___ STORED DATA ___

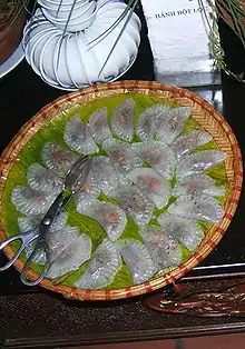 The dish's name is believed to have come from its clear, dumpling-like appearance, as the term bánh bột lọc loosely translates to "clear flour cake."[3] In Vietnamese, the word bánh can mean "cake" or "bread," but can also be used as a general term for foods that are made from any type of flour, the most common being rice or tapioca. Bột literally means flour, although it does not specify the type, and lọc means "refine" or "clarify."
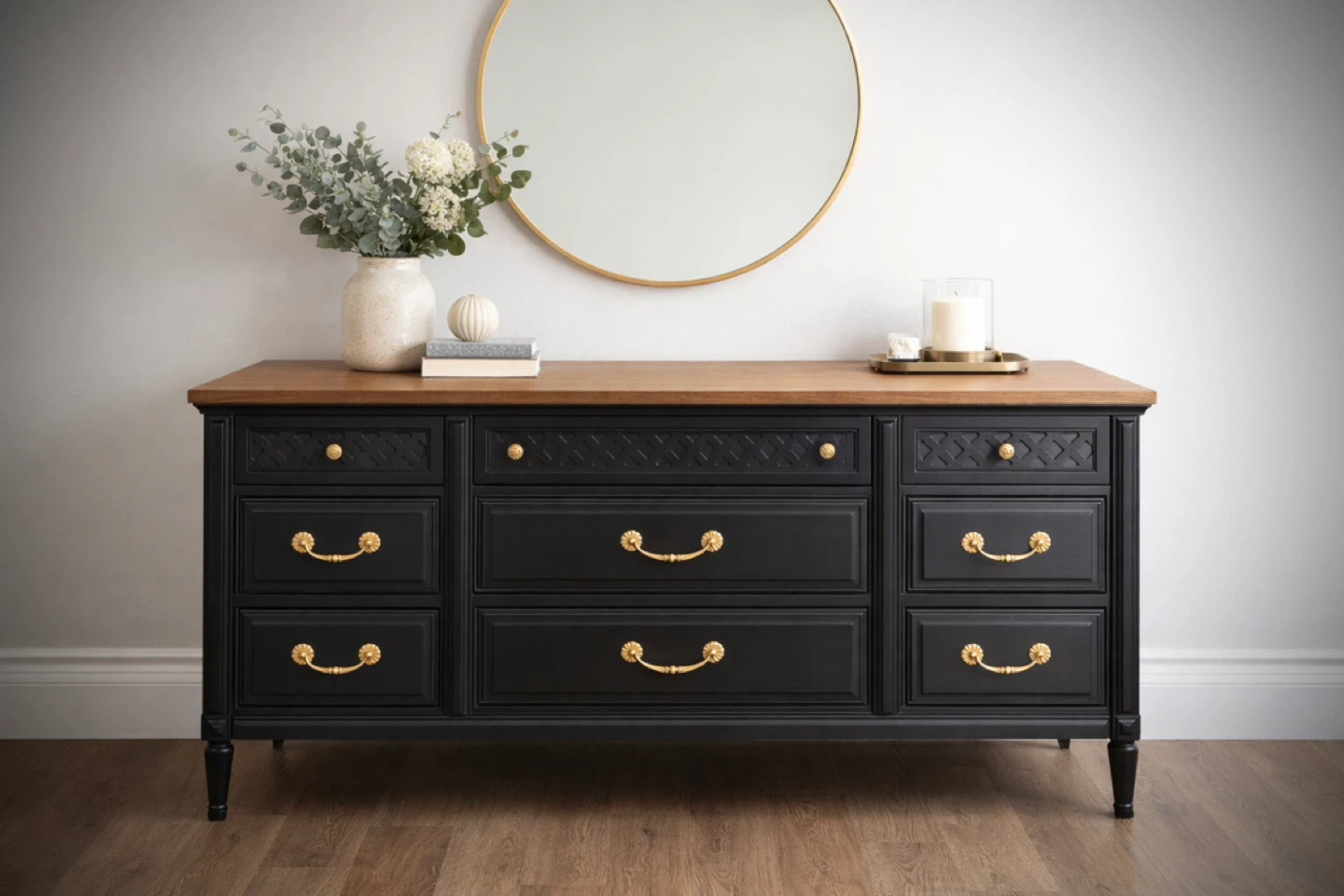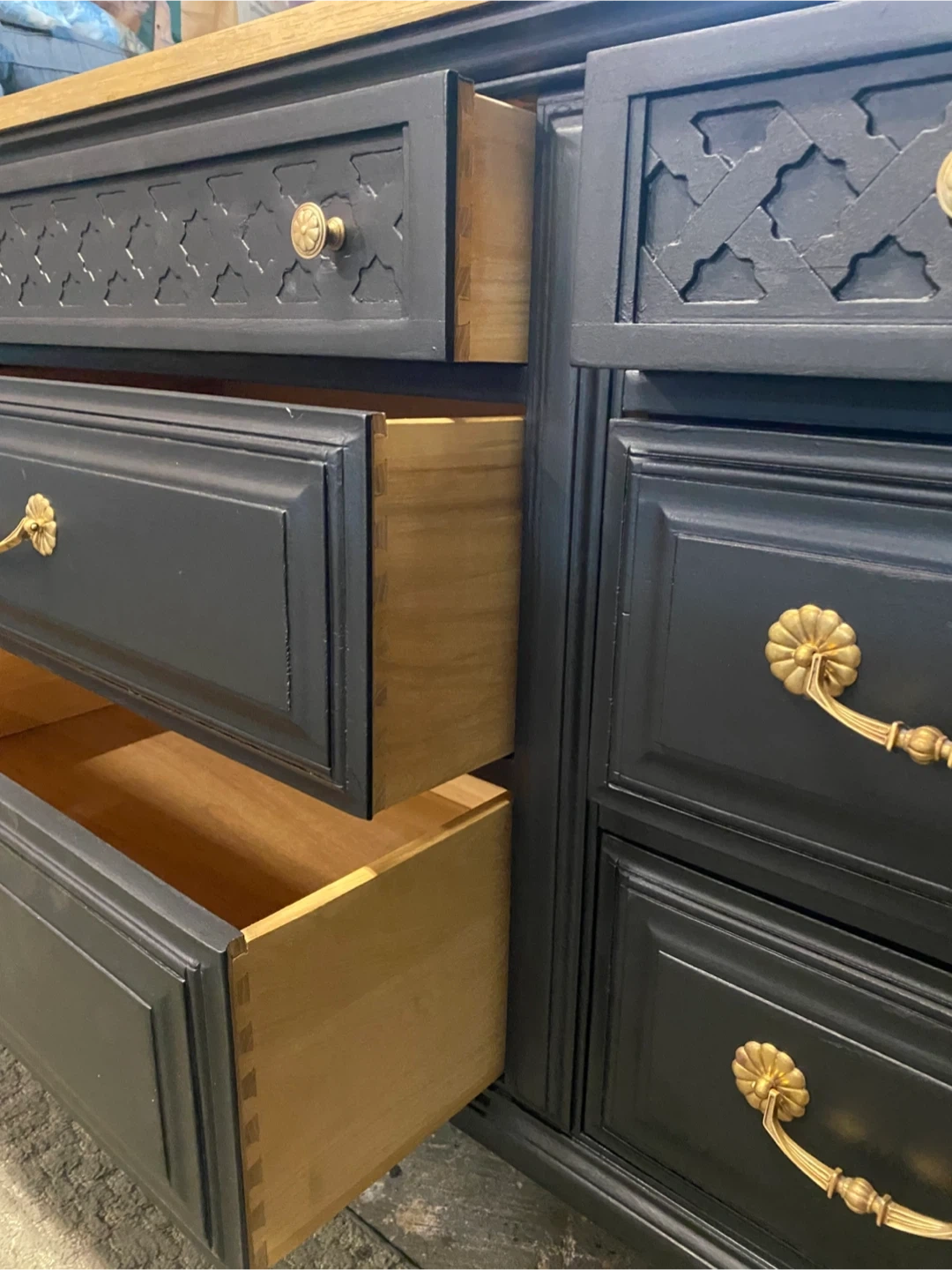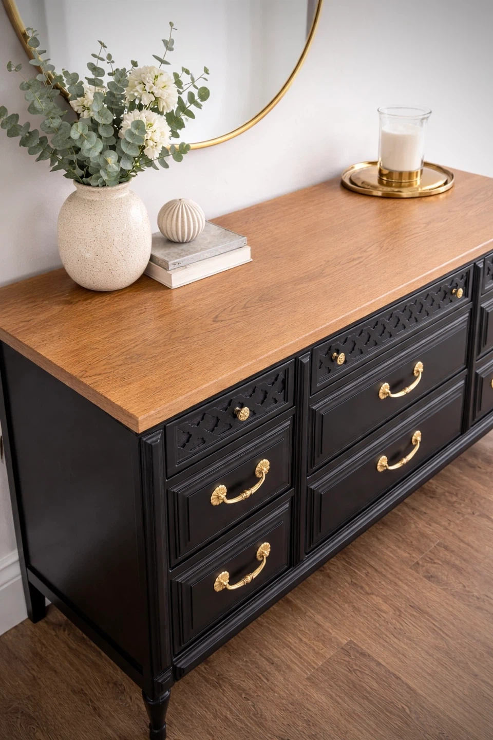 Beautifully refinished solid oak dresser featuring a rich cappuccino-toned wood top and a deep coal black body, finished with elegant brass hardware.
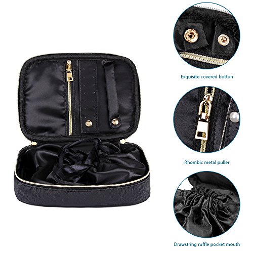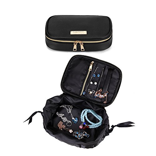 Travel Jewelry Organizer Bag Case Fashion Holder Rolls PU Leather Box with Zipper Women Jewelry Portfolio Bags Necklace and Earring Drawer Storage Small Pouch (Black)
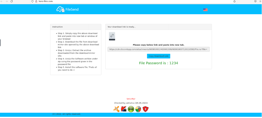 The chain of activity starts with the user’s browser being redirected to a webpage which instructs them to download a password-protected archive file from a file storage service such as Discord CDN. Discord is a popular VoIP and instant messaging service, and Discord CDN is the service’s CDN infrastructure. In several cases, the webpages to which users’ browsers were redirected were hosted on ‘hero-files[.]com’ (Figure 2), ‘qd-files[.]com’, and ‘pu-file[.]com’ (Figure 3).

___

WHAT IS BEING ASKED:
What the answer must hold is the exact text of every line from the one containing "Beautifully refinished solid" through the end of the data, minus any pictures.

ANSWER AREA:
 Beautifully refinished solid oak dresser featuring a rich cappuccino-toned wood top and a deep coal black body, finished with elegant brass hardware.
 Travel Jewelry Organizer Bag Case Fashion Holder Rolls PU Leather Box with Zipper Women Jewelry Portfolio Bags Necklace and Earring Drawer Storage Small Pouch (Black)
 The chain of activity starts with the user’s browser being redirected to a webpage which instructs them to download a password-protected archive file from a file storage service such as Discord CDN. Discord is a popular VoIP and instant messaging service, and Discord CDN is the service’s CDN infrastructure. In several cases, the webpages to which users’ browsers were redirected were hosted on ‘hero-files[.]com’ (Figure 2), ‘qd-files[.]com’, and ‘pu-file[.]com’ (Figure 3).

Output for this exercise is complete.